As most have expected given all the evidence and increased regulatory vigilance of marketed drugs, both the FDA and EMA have issued statements on removing breast cancer from Avastin’s label. FDA says that the drug has not been shown to be safe and effective for this disease, calling for it to be pulled from the market for breast cancer treatment with any chemotherapy.
EMA made a slightly less harsh recommendation to the European Commission that, to treat breast cancer, Avastin should only be used in combination with paclitaxel and not with docetaxel. Both agencies also made recommendations against Avastin NDAs looking to expand its use into more breast cancer settings along with additional chemotherapies.
Roche, which commercializes the drug, reported $6 billion in 2009 sales, accounting for 12.7% of last year’s total revenues. If FDA and EMA’s findings do get the medication off the market for breast cancer, the firm could lose about $1 billion.
Avastin was granted provisional approval by the FDA as a treatment for Her2-negative breast cancer in combination with paclitaxel in February 2008. Genentech, which is owned by Roche and manufactures Avastin, has not agreed to remove breast cancer from Avastin’s label voluntarily, so the FDA has issued a Notice of Opportunity for a Hearing.
Genentech says that it will indeed request a hearing.
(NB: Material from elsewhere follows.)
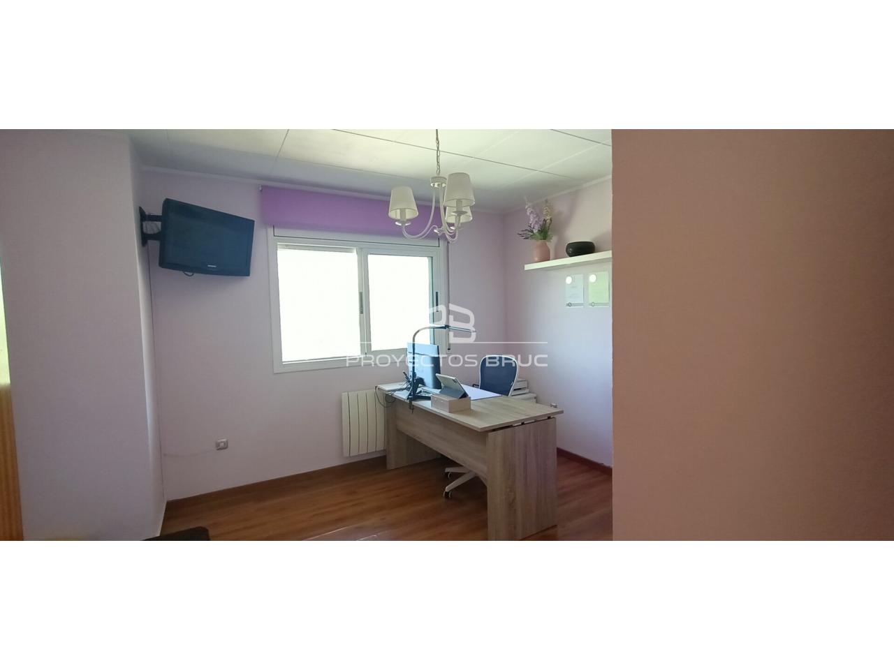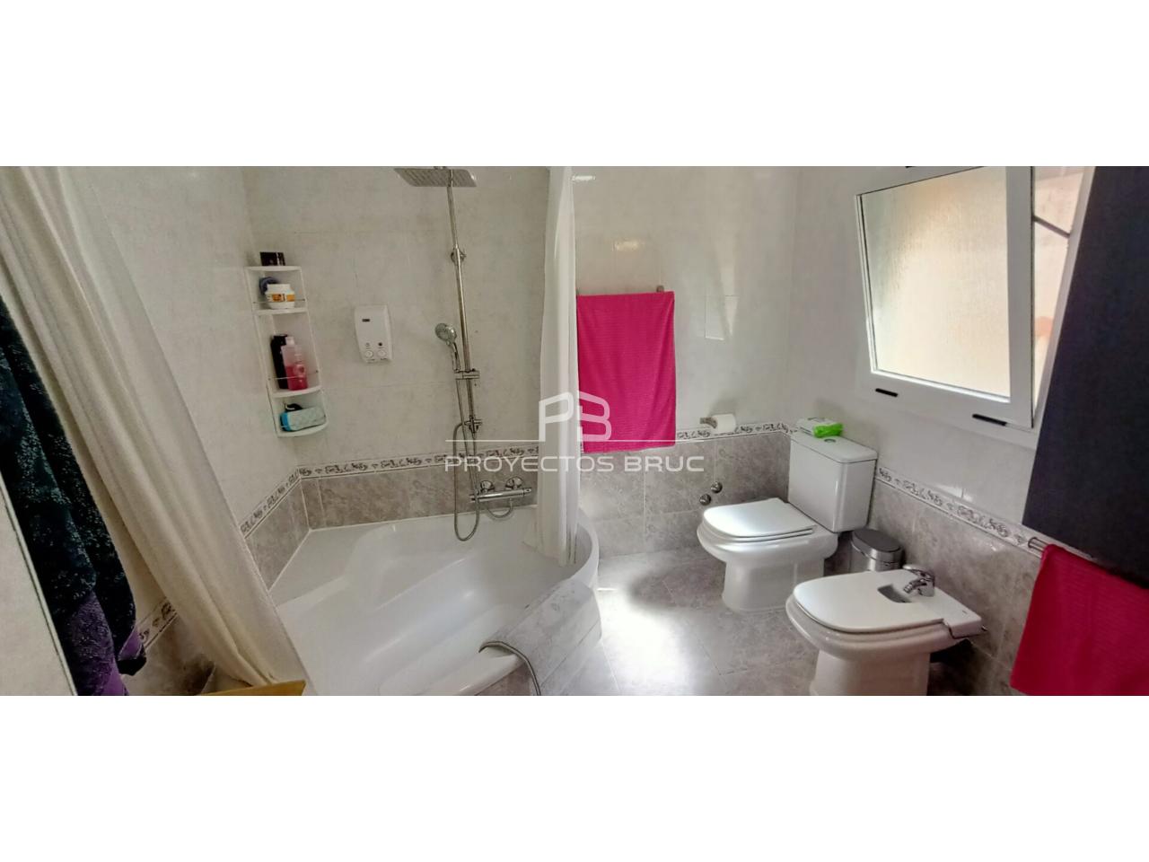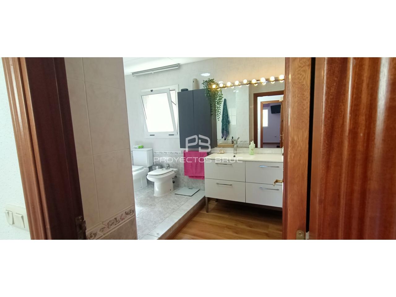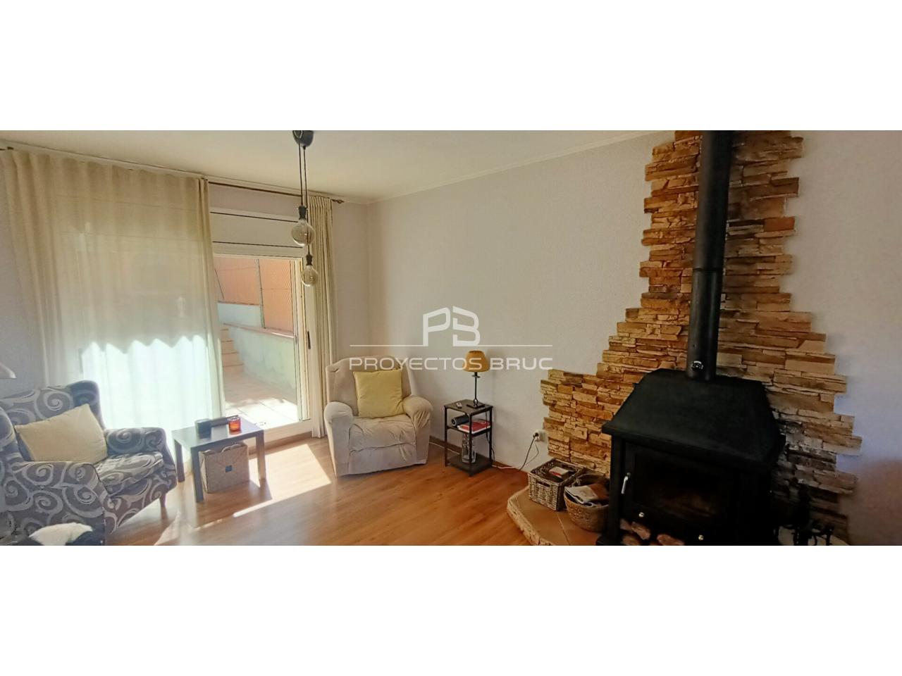 Entramos en la vivienda al recibidor dándonos paso al salón-comedor con terraza con vista a Montserrat, cocina independiente muy práctica con la salida al patio, acceso directo al garaje y aseo de cortesía.

Until the conclusion of these proceedings, Avastin remains FDA-approved for use in combination with paclitaxel for metastatic Her2-negative breast cancer.
FDA cautions oncologists treating patients with Avastin for metastatic breast cancer to use their medical judgment when deciding whether a patient should continue treatment with the drug or consider other therapeutic options.
“After careful review of the clinical data, we are recommending that the breast cancer indication for Avastin be removed based on evidence from four independent studies,” Janet Woodcock, M.D., director of the FDA’s Center for Drug Evaluation and Research. “Subsequent studies failed to confirm the benefit observed in the original trial. None of the studies demonstrated that patients receiving Avastin lived longer, and patients receiving Avastin experienced a significant increase in serious side effects.”
These risks include severe high blood pressure; bleeding and hemorrhage; the development of perforations in the body including in the nose, stomach, and intestines; stroke, heart attack, or heart failure; organ damage or failure; and the development of a neurological condition called reversible posterior leukoencephalopathy syndrome (RPLS), FDA reports. RPLS is characterized by high blood pressure, headaches, confusion, seizures, and vision loss from swelling of the brain.
Dr. Woodcock calls the recent conclusions disappointing and encourages the company to conduct additional research to identify if there may be select groups of patients who might benefit from this drug.
The EMA Committee for Medicinal Products for Human Use (CHMP), on the other hand, concluded that the benefits of Avastin in combination with paclitaxel outweigh the risks. It stated that the available data have convincingly shown that the drug prolongs progression-free survival without a negative effect on the overall survival.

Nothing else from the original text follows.